Mexico's top diplomat on Tuesday said he was asking Cuba about what sort of humanitarian aid would help the Caribbean nation, just as Mexico's leader doubled down on his stance that a decades-old U.S. embargo was to blame for political unrest.
Mexican Foreign Minister Marcelo Ebrard said he was speaking with Cuban officials through Mexico's leadership role in the Community of Latin American and Caribbean States (CELAC), a leftist regional body, after mass street protests on the island over shortages of basic goods.
Ebrard added that he spoke with his Cuban counterpart on Monday in a bid to establish communication and see "what can be done on behalf of the entire community," including what would be needed "to support Cuba from the humanitarian point of view."
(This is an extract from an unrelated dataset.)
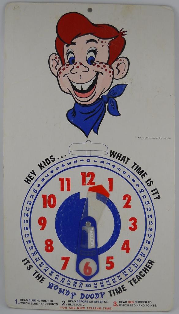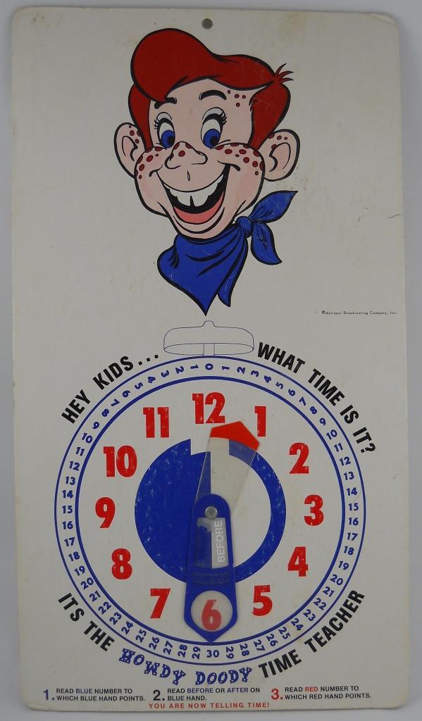 Learn how to tell time with the Howdy Doody Time Teacher. This nostalgic educational toy plays on the opening line of the Howdy Doody show "Hey Kids. . . What Time Is It?" (to which the kids at home and in the peanut gallery responded "It's Howdy Doody Time").
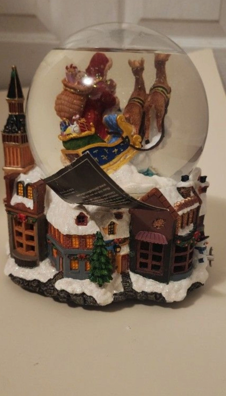 23A charming snow globe featuring Santa in his sleigh being pulled by reindeer over a snowy village scene. The globe is in great condition and ready to add some holiday cheer to your home!

Mexican President Andres Manuel Lopez Obrador, speaking alongside Ebrard in a regular news conference, said the tough situation in Cuba was "basically" due to the U.S. economic embargo against the country.
"They are going through a difficult situation that I basically attribute to the blockade," said Lopez Obrador.
Thousands of Cubans participated in mass protests at the weekend calling for President Miguel Diaz-Canel to step down.
The Communist-run island detained some activists and has restricted access to social media and messaging platforms since Monday, according to global internet monitoring firm NetBlocks.
Lopez Obrador, one of the most prominent leftists in Latin America, has urged a peaceful resolution and offered to send medicines, vaccines and food if requested by Cuba.